Esclusivo TPI – Le foto della falsa jeep di Ilaria Alpi nel garage della Rai: ecco il simbolo di un omicidio rimasto ancora senza colpevoli
Il 20 marzo 1994, a Mogadiscio, venivano uccisi Ilaria Alpi e Miran Hrovatin. Nel giorno dell'anniversario della loro morte, TPI pubblica in esclusiva le foto della jeep che, secondo la commissione parlamentare presieduta da Carlo Taormina, fu utilizzata dai due reporter il giorno del delitto e che avrebbe dovuto dimostrare la tesi dell’omicidio casuale. In realtà quella jeep era un falso clamoroso ed ora il veicolo si trova parcheggiato in un garage della Rai
Ventinove anni. Ci separa quasi un trentennio dal 20 marzo 1994, il giorno dell’agguato mortale contro Ilaria Alpi e Miran Hrovatin, a Mogadiscio. L’inchiesta della Procura di Roma è ancora aperta, dopo l’ennesima richiesta di archiviazione respinta dal GIP nel 2018. Cinque anni fa il Giudice per le indagini preliminari aveva chiesto al pubblico ministero di proseguire le indagini, con l’obiettivo di concluderle entro sei mesi. Da allora il silenzio da piazzale Clodio è stato l’unico segnale arrivato.

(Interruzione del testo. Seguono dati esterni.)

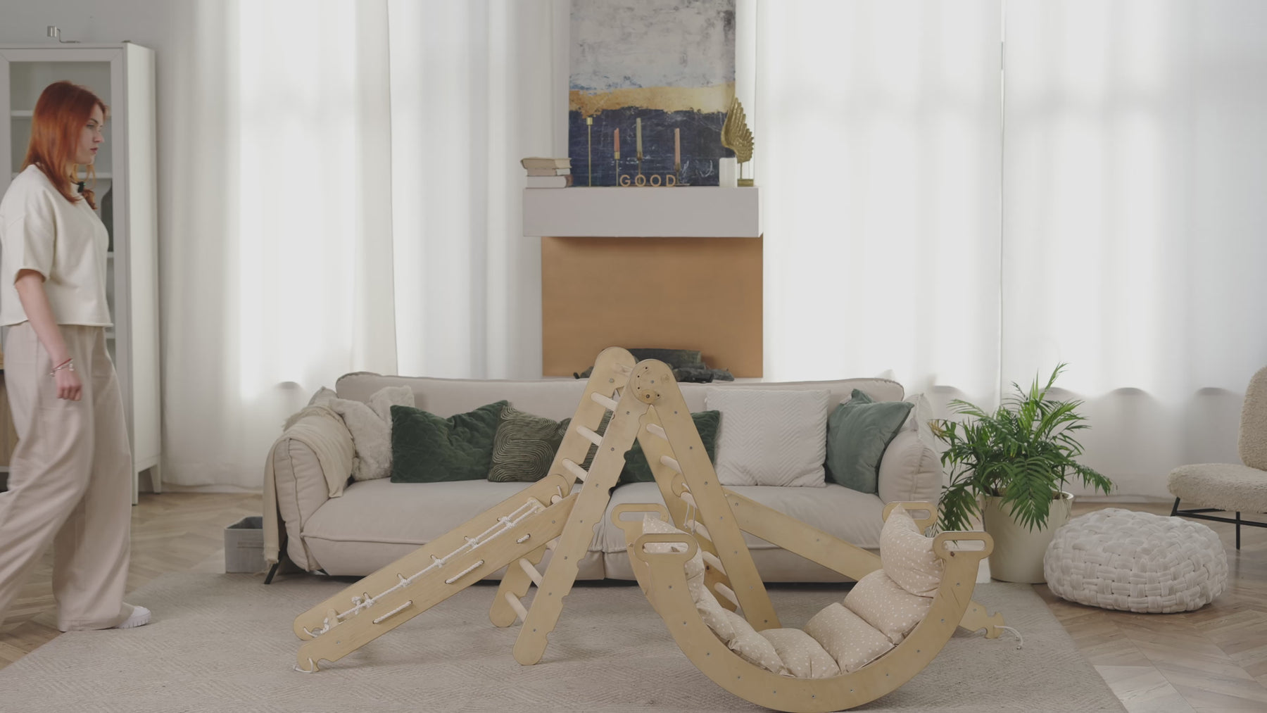 5-in-1 Montessori-Klimrek Set: Driehoek Ladder + Klimboog/Schommelstoel + Glijbaan/Helling + Touwennet + Kussen

Nel frattempo molti protagonisti sono morti. Non ci sono più i genitori di Ilaria, Luciana e Giorgio, che per decenni hanno con coraggio e ostinazione cercato la verità sull’omicidio della figlia e del suo operatore. È stato ucciso da una bomba messa sotto la sua automobile Hashi Omar Hassan, il somalo condannato da innocente, poi prosciolto dalla Corte d’Appello di Perugia dopo la revisione del processo. Era stato incriminato sulla base della testimonianza di un altro somalo, Abdi Ali Rage, detto Gelle, che all’inviata di Chi l’ha visto? Chiara Cazzaniga ha raccontato di aver dichiarato il falso.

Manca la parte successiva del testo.